How do I know where is a function was executed in Python?

Question

Let's imagine, I've got a module foo.py with declared a function foofunc:

def foofunc():
    # smart things
    return

And two different modules — bar.py and spam.py, where exists code which directly executes the function from foo module.

# `bar` module. All rights reserved.

from foo import foofunc


def run_foofunc():
     return foofunc()

The same thing in another module:

# `spam` module. All rights reserved.

from foo import foofunc


def run_foofunc():
    return foofunc()

I need to know where is executed the function without knowledge of possible places. Something like:

def foofunc():
    print inspect.executedfrom()

Will do something like that in standard output

<pack.bar.run_foofunc>

Does it something similar in real world?

Answer 1

Running the risk of not answering the actual question, you wrote that you need it for research and debugging.

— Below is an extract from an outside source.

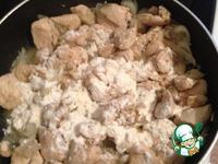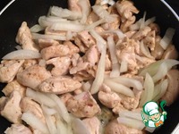 В сковороду налить растительное масло, выложить кусочки курицы, поперчить и посолить, обжаривать около 5 минут, периодически помешивая. |

I think the traceback module is just great for that.

import traceback
traceback.print_stack()

Also take a look at pdb, it allows you to interactively step through your code during runtime.

Answer 2

test.py:

import inspect    

def foofunc():
    frame, filename, line_number, function_name, lines, index = inspect.getouterframes(
        inspect.currentframe())[1]

    print(filename, line_number, function_name)
    return

---

foo.py:

import test
def run_foofunc():
    test.foofunc()

run_foofunc()

yields

('/tmp/foo.py', 3, 'run_foofunc')

Answer 3

Here is a possible implementation of executed_from:

import inspect

def executed_from():
    f = inspect.currentframe().f_back.f_back
    return "%s.%s" % (inspect.getmodule(f).__name__, f.f_code.co_name)

Answer 4

During wait for your answers I found my own answer. This issue possible to resolve by raising an exception in debugged function and make out the traceback layer by layer. This approach is bad in general because it is stops execution, but not bad in the my particular case. And besides it is very pythonic and easy to clean.